Danazol is a synthetic steroid derived from ethisterone (a modified testosterone) and is known for its antigonadotropic and anti-estrogenic activities. It was initially approved by the U.S. FDA for the treatment of endometriosis, although its use has been largely superseded by gonadotropin-releasing hormone (GnRH) agonists. Besides endometriosis, Danazol is utilized for managing fibrocystic breast disease, hereditary angioedema, and in certain cases, refractory immune thrombocytopenia1.
Mechanism of Action
Danazol exerts its effects by several mechanisms:
- Gonadotropin Inhibition: By suppressing the pituitary-ovarian axis, possibly via inhibiting pituitary gonadotropin output, Danazol reduces the secretion of follicle-stimulating hormone (FSH) and luteinizing hormone (LH), leading to decreased ovarian estrogen production.
- Steroidogenesis Inhibition: Danazol might directly inhibit ovarian steroidogenesis and bind to androgen, progesterone, and glucocorticoid receptors, thereby modulating hormonal balance.
- Binding to Hormone-Binding Globulins: By binding to sex-hormone-binding globulin and corticosteroid-binding globulin, Danazol affects the metabolic clearance rate of progesterone.

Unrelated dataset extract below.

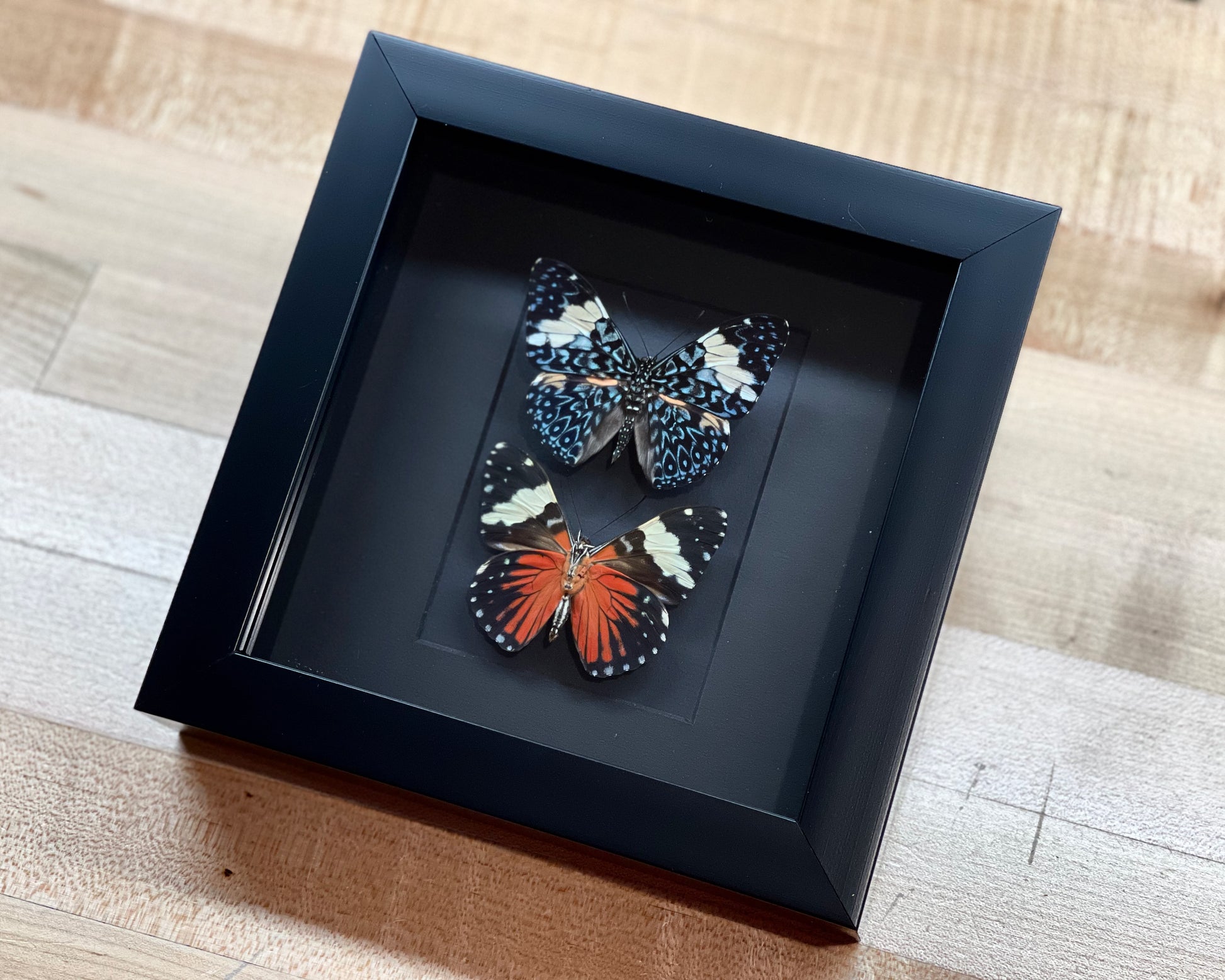 Frame: Inside 6"x 6" shadow box. 1¾" deep. Outside measured 7"x7". Can be hung on the wall or stand on its own.

- Immunomodulatory Effects: The drug alters the immune response by decreasing concentrations of certain immunoglobulins and autoantibodies, which could be beneficial in conditions like endometriosis.
- Anti-estrogenic Activities: It induces inactivity and atrophy in both normal and ectopic endometrial tissues, resulting in anovulation and associated amenorrhea in endometriosis treatment.
- Correction of Biochemical Deficiency in Hereditary Angioedema: Danazol elevates serum concentrations of the deficient C1 esterase inhibitor, thus correcting the biochemical deficiency seen in hereditary angioedema1.
- Absorption: Danazol is well absorbed in the gastrointestinal tract.
- Distribution: The distribution dynamics of Danazol are yet to be fully elucidated.
- Metabolism: Danazol undergoes hepatic metabolism.
- Excretion: Primarily excreted in the urine2.
Danazol is employed for several indications including:
- Endometriosis: Treatment of endometriosis to alleviate associated symptoms.
- Fibrocystic Breast Disease: Symptomatic treatment of severe pain and tenderness associated with benign fibrocystic breasts in patients unresponsive to simple measures.
- Hereditary Angioedema: Prophylactic treatment for all types of hereditary angioedema in both males and females.
- Refractory Immune Thrombocytopenia: In some cases, Danazol might be used for the management of refractory immune thrombocytopenia1.
- An animal study published in 2023 highlighted that Danazol could increase the oral bioavailability of midazolam by inactivating hepatic and intestinal CYP3A in rats3.
- A Phase 2 clinical trial is recruiting patients to compare low-dose Baricitinib plus Danazol versus Danazol alone for patients with steroid-resistant/relapse immune thrombocytopenia4.
The most common adverse effects include weight gain, acne, edema, flushing, sweating, androgenic effects such as hirsutism and deepening of the voice, and menstrual irregularities. Serious adverse effects encompass hepatic dysfunction and a potential risk for thromboembolic events2.
Danazol, with its multi-faceted pharmacological profile, serves as a crucial therapeutic option for various hormone-related and immunological conditions. Despite being overshadowed by newer agents, understanding its pharmacology is pivotal for rational clinical use.